One wonders how much trouble McLaren’s engineers had quantifying ‘fun’ when it was suggested that quality might be essential to overhauling the 720S. It is a subjective attribute for one thing, and therefore tricky to quantify. It certainly defies a pie chart. Nevertheless, it was reportedly among the criteria that Michael Leiters – McLaren’s shrewd, newish CEO – proposed addressing. And engineers, particularly the obsessive sort employed at the MTC, do like to give their bosses what they ask for. Especially when said boss is an engineer himself. 

Probably they asked him to drill into exactly what he meant, and by the time McLaren was ready to show the 750S last year, the sentiment had been boiled down to “truly exhilarating levels of emotional connection” – a quote attributed to Leiters. Which isn’t a bad stab at what we’re looking for when presented with a supercar of any stripe. Absolutely it characterises Ferrari’s approach to the segment (no coincidence there) and implies that a tweaking of the established 720S formula for its own sake would’ve been insufficient. Hearing the S-word mentioned at the unveiling speaks to the heart of the issue as well as any other: after nearly 15 years, what precisely constitutes McLaren’s soul? 

Well, if any car embodies it, it is arguably the one labelled ’Super’ in the manufacturer’s four-pillar lineup. McLaren has built quicker, rarer and much more expensive derivatives, but, generally speaking, the showier Ultimate Series has dealt with the pursuit of very specific numbers. It has been left to multiple generations of the firm’s long-running and road-appropriate supercar to balance out the firm’s preoccupation with a more single-minded brand of performance.

For the record, the 720S, in many if not most respects, was sensationally good. Easy to forget nearly seven years on, but with a revamped 4.0-litre twin-turbo V8 and scintillating new look, it rampaged from the blocks in 2017 and skittled virtually everything in sight. Even easier now, of course, to hold its familiarity against the 750S, which really does bear more than a passing resemblance. Anecdotally, this hardly seems to matter: the Great British public knows a supercar when they see it, and McLaren’s newcomer – especially in open-top format – hits the exotica high notes as well as its predecessor ever did. Nevertheless, clearly this is not the far-reaching, 650S-to-720S transition that occurred all those moons ago. 

Two things are equally plausible then. From the front, despite the lightweight new bumper and extended splitter, people, even enthusiasts, are liable to mistake new for old. And from the back, assuming you clock the alterations, you wouldn’t be alone in thinking the 750S marginally less appealing to look at than the car it replaces. Probably you’d need to see both Spiders side-by-side to decide which high-mounted exhaust or rear deck design you prefer: to PH’s bleary gaze, the 720S is slightly less fussy thanks to its simpler grille and separated tailpipes. Although there are no complaints over its newly enlarged and ever-ready-to-deploy spoiler. Which is good, because you eyeball it a lot in the rear-view mirror. 

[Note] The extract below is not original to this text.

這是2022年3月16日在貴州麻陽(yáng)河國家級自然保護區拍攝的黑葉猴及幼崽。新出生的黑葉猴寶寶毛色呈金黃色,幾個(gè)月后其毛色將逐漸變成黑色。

That’s when you’re moving (or braking, anyway). When you’re stationary, you’ll be seeing the new interior layout. No before and after comparison is required here; relative to the exterior, McLaren has gone to town. In all likelihood, the large rocker switches that flank the (also new) column-mounted instrument panel will earn it no design awards, but functionally speaking they are light years ahead of the 720S’s powertrain and chassis controls. Or they are once you’ve memorised which is which, because they’re tricky to see over the steering wheel rim. Still, in those crucial moments when you really want them to hand – including the ‘manual’ and ‘ESC’ buttons, which live in the centre – you’re saved the job of hunting for them on the dashboard. 

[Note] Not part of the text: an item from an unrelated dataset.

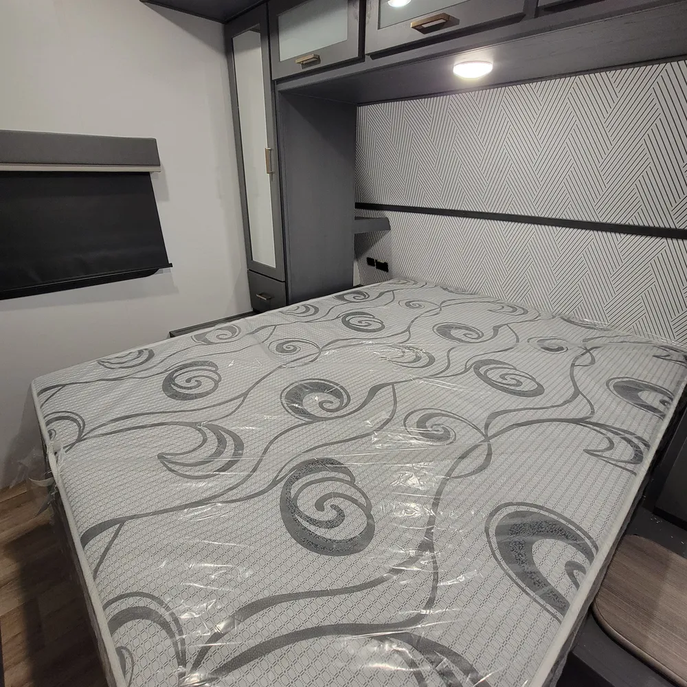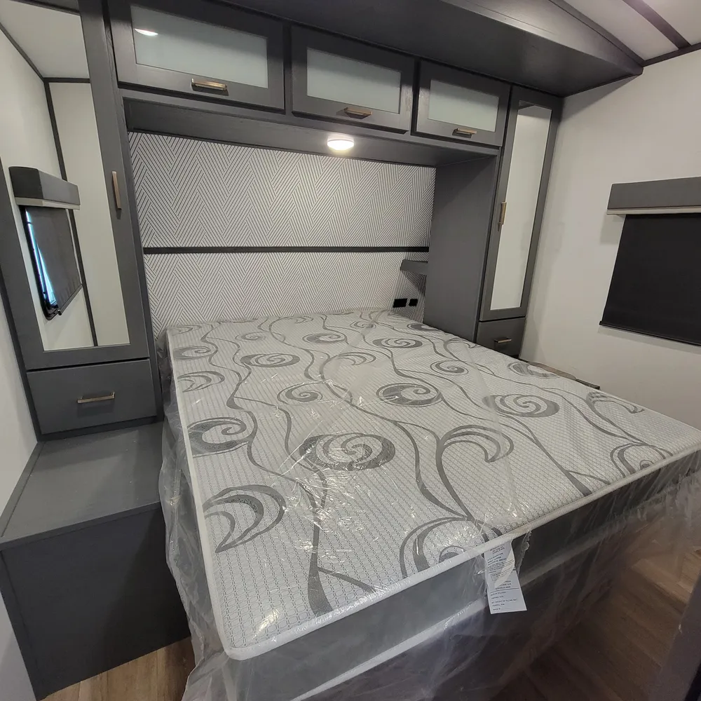 The front private bedroom features a queen bed with wardrobes on each side and a laundry chute that feeds to the exterior pass-through storage below. The 51 cubic feet of pass-through storage with pegboard organization is one of the more practical features on this unit.

The new infotainment interface, too, makes sense. Perhaps the metallic frame for the display isn’t a total triumph – and portrait orientation will always come with some limitations – yet gone are the days of your patience dissolving in a fiery instant. Some of the physical shortcut buttons have gone, too, but the latest menu system is intuitive enough to take up the slack. Sure, the DAB tuner still drops a nationwide signal when it probably shouldn’t and McLaren is still adamant that a klaxon must repeatedly sound if a fault is detected – but the nose-lifter gets its own button, the sat nav is fundamentally up to snuff and the Bluetooth connection rock solid. Meaningful progress, in other words. 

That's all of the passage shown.